Like
the proverbial wolf that continues to lick the knife blade because  it
enjoys the taste of its own blood, the Democrats are back with  another
huge tax increase.

At a time when the state’s economy and taxpayers are still staggering
under the burden of last year’s $12.6 billion tax increase, Democrats
are pushing a plan to raise taxes by yet another $5 billion and to
borrow an additional $8.7 billion.

Among the proposals are extensions of the increases in the sales,
income  and car tax that were approved last year by the usual suspects,
but  were due to expire after two years.  This goes to prove the adage
that  there is nothing so permanent as the temporary.  In a recent
column,  Joel Fox, the president of the Small Business Action
Committee, provided  a number of excellent examples of "temporary"
taxes that seem never to  disappear.  Among those is the federal
telephone tax established to pay  for the Spanish American War, which
remained in place for 108 years  after the war ended.

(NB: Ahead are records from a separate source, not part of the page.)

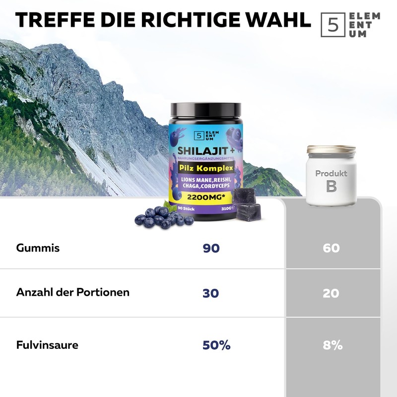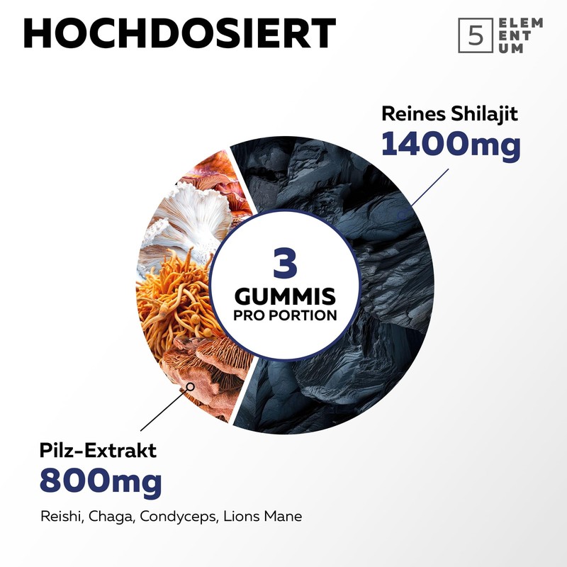 - Reinforced dosage for maximum effect: benefit from the benefits of an increased dose of 2200 mg pure Shilajit in combination with a strong mushroom complex.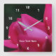 Red Rosebud And Raindrops Nature Personalized Square Wall Clock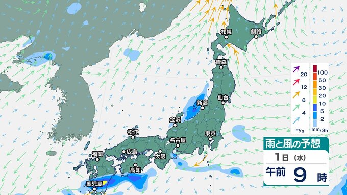 北陸地方で激しい雨 新潟は多いところで1時間に30mmの予想 ”警報級”大雨の可能性も 土砂災害や浸水に警戒を【雨風シミュレーション】 チューリップテレビ 2025年9月29日(月) 18:13 国内 天気 1日(水)雨と風のシミュレーション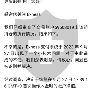 Exness 回复塞浦路斯您的赔偿申诉目前正在相关部门审核中,您将在接下来的五个工作日内收到回复。如果您有任何问题,请随时联系我们的24小时在线客服进行咨询。谢谢。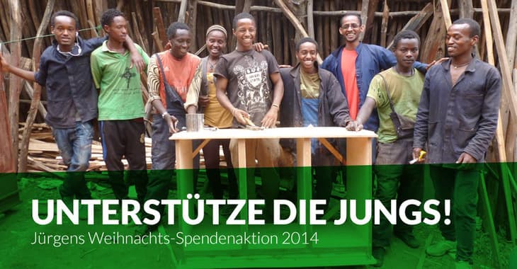 Die gesammelten Spenden kommen zu 100% der „Perspektiven Werkstatt“ in Äthiopien zugute. Das Projekt wurde im Herbst 2013 vom Verein "Addis Perspectives e.V." ins Leben gerufen, bei dem ich (Gründungs-)Mitglied bin. Jeweils sechs Jugendliche von der Straße leben für ein Jahr, gemeinsam mit einem äthiopischen Sozialarbeiter, in einem Haus in Addis Abeba. Morgens gibt’s theoretischen Unterricht, nachmittags wird in der angeschlossenen Werkstatt gearbeitet. So wollen wir den Teilnehmern Fähigkeiten vermitteln, die ihnen helfen eine Arbeits- oder Ausbildungsstelle zu finden.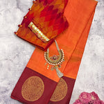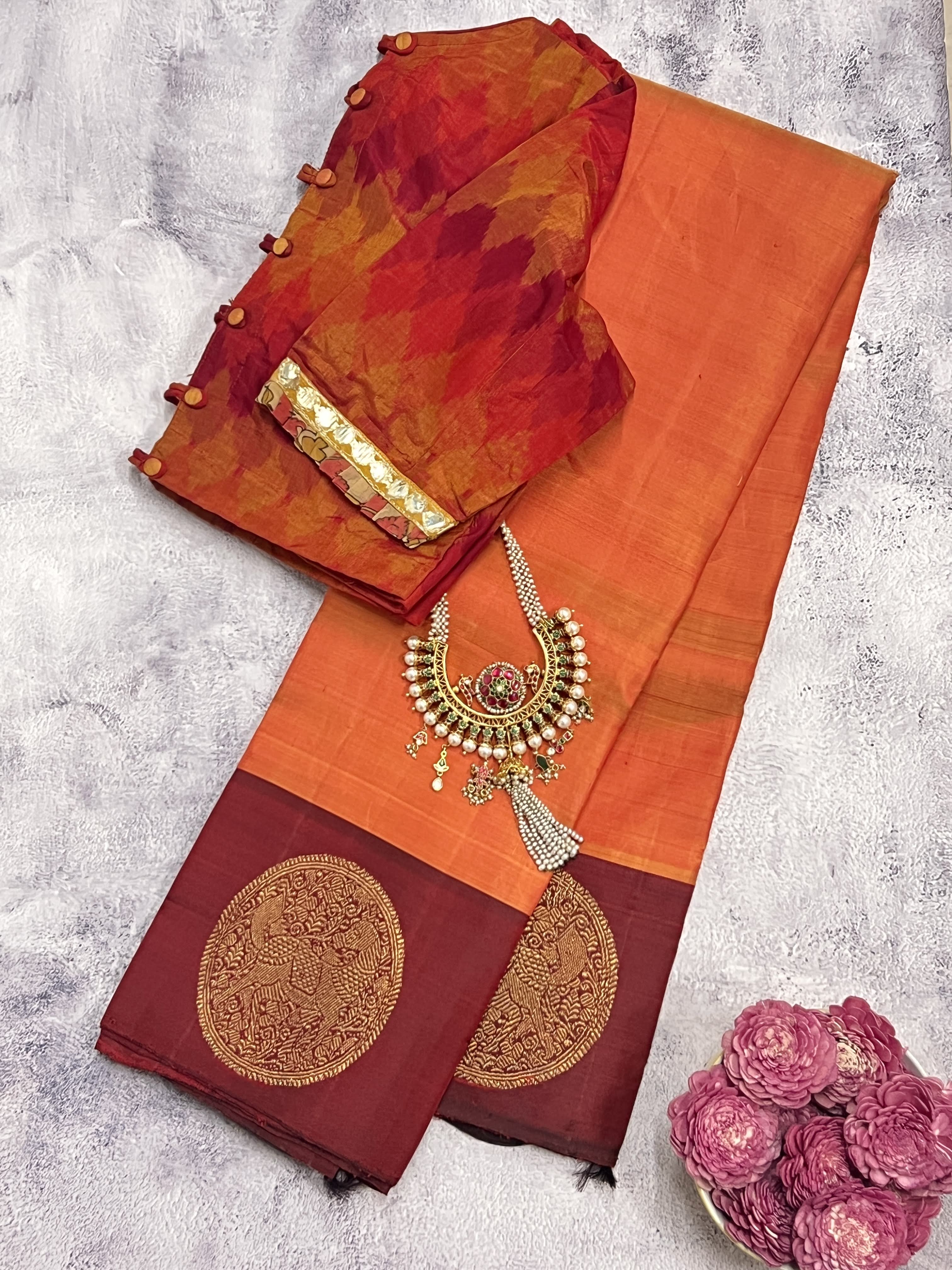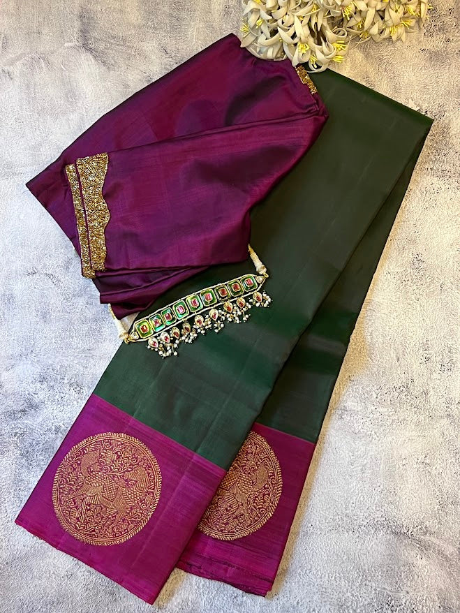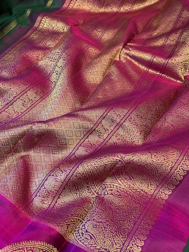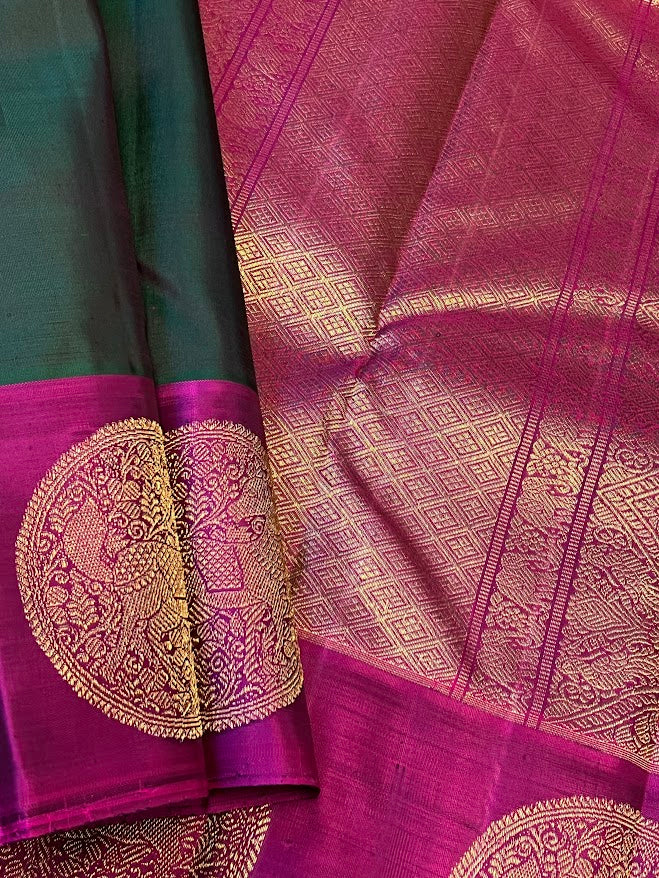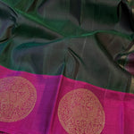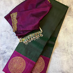 Handwoven in the finest silks, in the temple town of kanchipuram Pure zari on the saree Intricate yaazhi designs on the border, depicted in a circle Dry clean only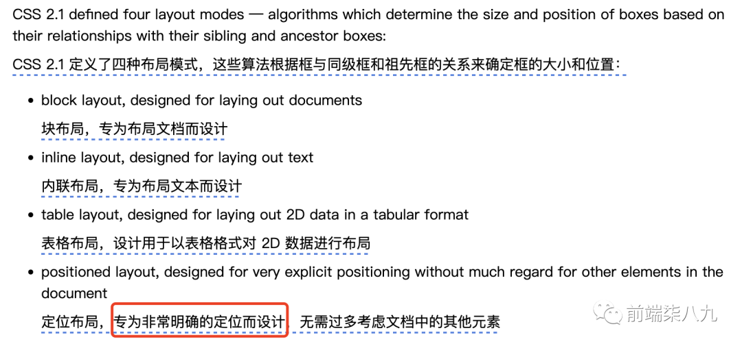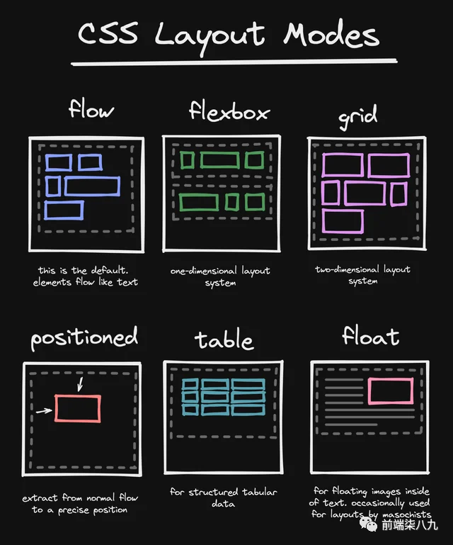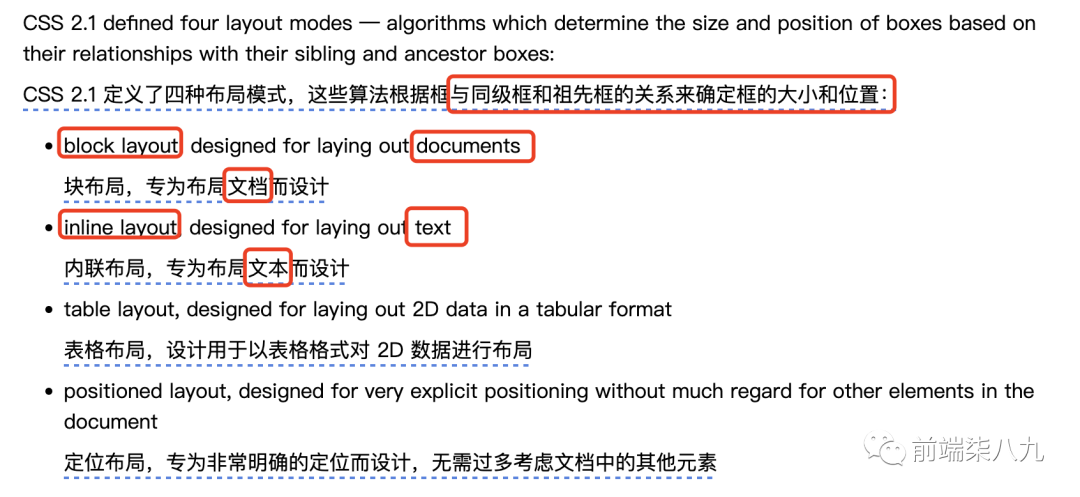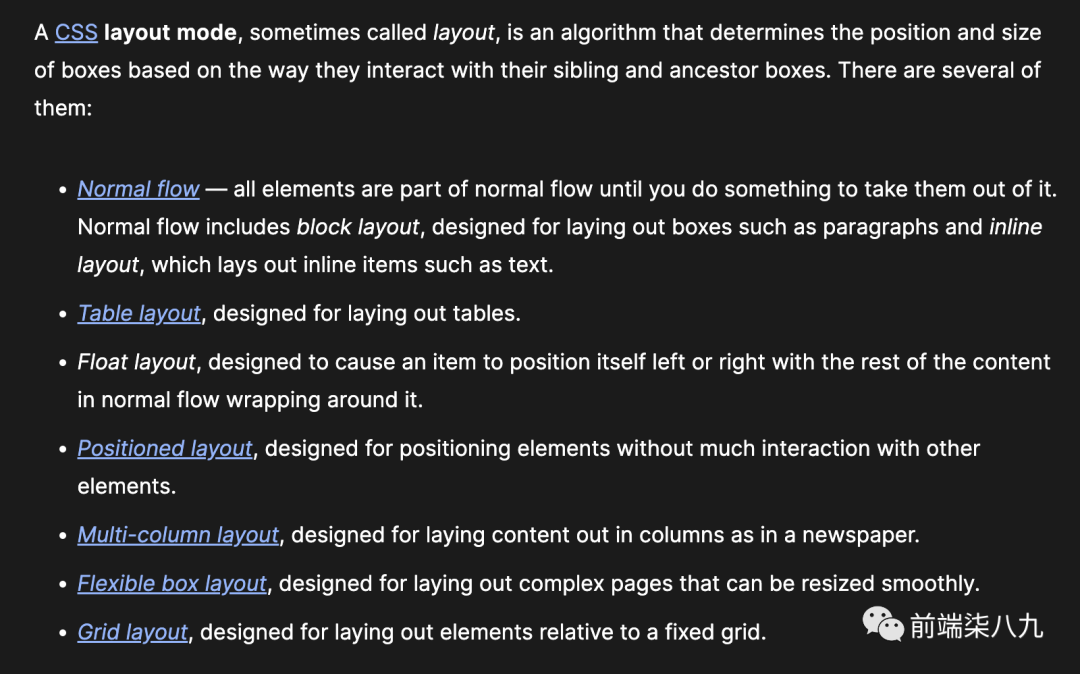 CSS 有不同的模式,确定它如何在页面上布局元素。这些模式通常被称为布局算法或布局模式。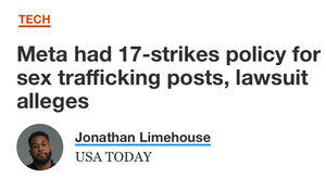 在現實世界中,性販子不會在被追究責任之前有17次機會。 Meta對兒童和成人的剝削是故意的。是時候通過《兒童在線安全法》,為下一代站出來了。這就是當國會未能採取行動時所發生的事情。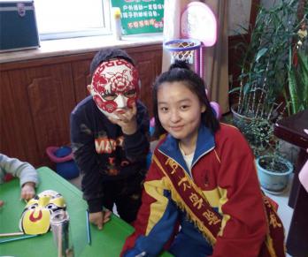 在現場,來自佳木斯前進區老科協云峰社區分會及第六實驗中學的近30名志愿者一對一、手把手地教30個孩子繪畫京劇臉譜和小雨傘。四歲聽力殘障兒童小明,看到小朋友們都比自己畫得快,小家伙雙手緊緊地握著臉譜,急得滿臉通紅。這可難不倒志愿者董丫,董丫是第六實驗中學學生會主席,平日里解決學生思想工作正是她的強項。看,董丫先在臉譜上劃分出三個部分,然后手把手地握住小明的小手將臉譜上部分涂成紅色,接著又將下面描繪成黑色,中間的色彩保持臉譜的本來色彩。瞬間,一張花臉的臉譜繪制成功了。小明緊緊握著自己親手繪制的臉譜,那高興勁就甭提了……

Politicians know how to play the game.  To minimize opposition to a new
tax they market it as temporary.  But once taxpayers become accustomed
to paying it, they look to extend it or make it permanent.  For a
California example, look at the 1.25% sales tax increase Pete Wilson
backed in 1991 to deal with a budget gap.   A half-cent was supposed
to  be temporary, but when it came time to expire the Legislature
placed it  on the ballot promoting it as necessary for "public safety."
Voters —  by then used to paying the higher tax — swallowed the hook
and we  continue to pay the entire 1.25% increase initiated almost
twenty years  ago.

As for the borrowing, our state’s credit is so bad, lawmakers want to
borrow money against the California Beverage Recycling Fund in an
arrangement known as securitization.  Basically, it would allow them
to  spend money on current programs by guaranteeing repayment with
future  recycling revenues. What most Californians think is a fee
designed to  make sure that beverage can and bottle litter is picked
up, and that  those resources are recycled, turns out to be just
another Ponzi scheme  by the Sacramento politicians. However, it
clearly illustrates the  contortions through which lawmakers will go to
allow themselves to  continue to spend regardless of the economic
realities or the burden it  places on ordinary taxpayers.

Average Californians do not have to be told times are tough. An
unemployment rate of 12.6% — over 21% when the underemployed are
counted –  may be just a number to most people, but  virtually
everyone  knows the real impact of our failing economy because they
have a friend  or family member who is unemployed, even if they
themselves continue to  have a job. These statistics represent real
suffering by real  California families.

Legislators should not deceive themselves. Only part of the problem is
linked to the national recession. The state’s problems pre-date the
recession and reflect a deeper policy-induced crisis.  These tax
grasping politicians would do well to review the 2010 edition of Rich
States, Poor States, an economic competitive index of states by
economist Arthur Laffer and published by the American Legislative
Exchange Council. In the category of economic outlook, California
ranks  46 out of 50 with 50 being worst.  It is no coincidence the
states  ranking near the bottom are high tax states that are suffering
a high  level of domestic out-migration, which Laffer calls the "moving
van  effect." In other words, people and businesses are mobile; they
can  leave unfriendly economic states and move to tax friendly states.
In  domestic migration, California ranks a dismal 49, meaning that
taxpayers  are fleeing our state.

However, in spite of the evidence, lawmakers move inexorably forward
toward economic collapse. In an almost cartoonish satire of their lack
of concern for the interests of average taxpayers, last week, the four
legislative ringleaders behind the 2009 tax increase blithely traveled
to Boston to accept Profiles in Courage Awards from the Kennedy
Foundation for their raising taxes in face of public opposition — and
in defiance of logic. Meanwhile, those California taxpayers who have
not  left the state, soldier on without accolades.